Tags: #Urban Fantasy

Maybe. Something like that, perhaps. I really don’t know. Only that – well, you couldn’t make him. Not from nothing. I don’t think you could even imagine him. He was beyond the reach of a human mind; hell, I was sitting on him, and I couldn’t come near what he was.

Never mind. Call it magic, if that’s easier. Or an expression of the collective subconscious, or an artefact of true England – the idea that underlies this grubby little nation state – or call him any damn thing you like.

Me, I call him Horse.

 

 

W
E RAN,
H
ORSE
and I. Well, he ran. I rode, in so far as I sat on his back and he carried me.

Maybe we didn’t even need to run. Maybe he could have fought them off, all those eels, and sent them back to whatever hell they came from. Maybe. He was something older, deeper, better than them – but the good guys don’t always get to win. Not just for being good. And I didn’t think he’d ever been a warhorse.

Neither did he, I guess. At any rate, he seemed happy enough to run. Literally, I think. I think it was what he was made for. Like the wind is happy to blow, the rain to fall. Movement completed him; speed is what he was about. You can write a word, and then you can say it. You can cut a horse into a hillside, and then you can let him run.

 

 

I
DIDN’T TURN
him north; I didn’t need to. The landscape tended that way, and so did he. We followed the ridge until it met a river valley, where it turned aside in confusion. Then we followed the river for a while, for a distance, but that all too clearly had its roots in the west, so we left that too. I don’t know if he read my mind or if he followed his instincts or his own inscrutable whim that just happened to chime in with my needs; how would you ever tell?

Now we were working our way more literally across country, against the grain – except that it was the human infrastructure, the grain of industry that lay across our path. The land would still have eased us northward undelayed, but here was a canal that had to be leaped, and here a motorway in a cut too broad for leaping. I think there was a chain-link fence that smoked and snapped at our approach, but we held back from the traffic until a gap opened wide enough that we could canter through unremarked. When you ride a glowing implication of a horse, remarks will be made, unless you’re careful. And here was a railway marshalling yard so broad we had to detour around it, and here an industrial estate where I think even Horse was feeling lost before the cloud cover relented and he could fling his head up to sight the stars and find our route again.

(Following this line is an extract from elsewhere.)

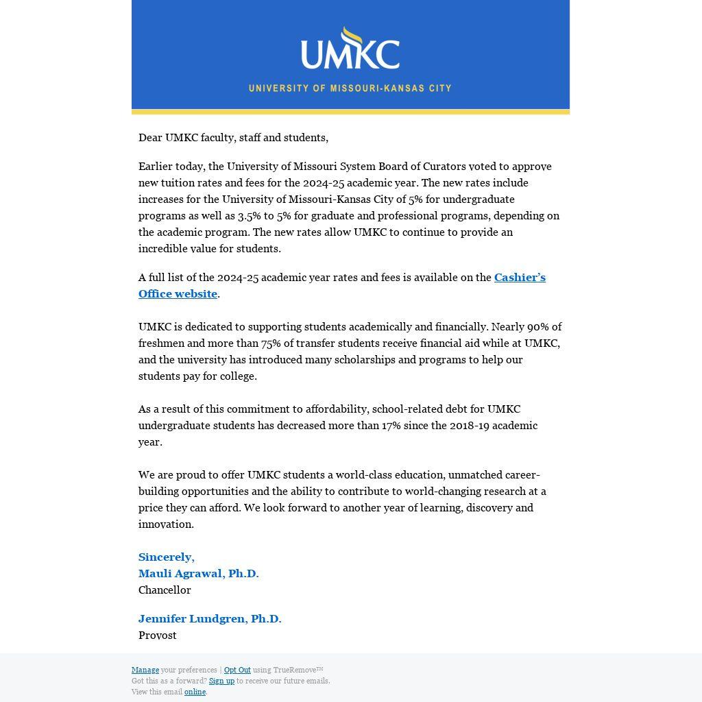 Earlier today, the University of Missouri System Board of Curators voted to approve new tuition rates and fees for the 2024-25 academic year. The new rates include increases for the University of Missouri-Kansas City of 5% for undergraduate programs as well as 3.5% to 5% for graduate and professional programs, depending on the academic program. The new rates allow UMKC to continue to provide an incredible value for students.

North, and north: he’d have galloped to the Pole Star, if he could only find good footing as he followed the Plough through starfields. Perhaps he could, perhaps I should have given him his head. Or let him take it, rather; or just let him be, just sat him and been carried into wonder.

But – well, I had a mission of my own, and time and ground were sketchy, stretchy concepts in the mind of Horse. That’s pretty much where we were, I figured, in some ancient idea of England and territory, a space-time discontinuum where physics was contingent on something that you couldn’t call history. It predated the coming of people: older than language, older than understanding. I almost felt like I’d committed some form of archaeology, just rousing Horse from his bed. Archaeology without spades.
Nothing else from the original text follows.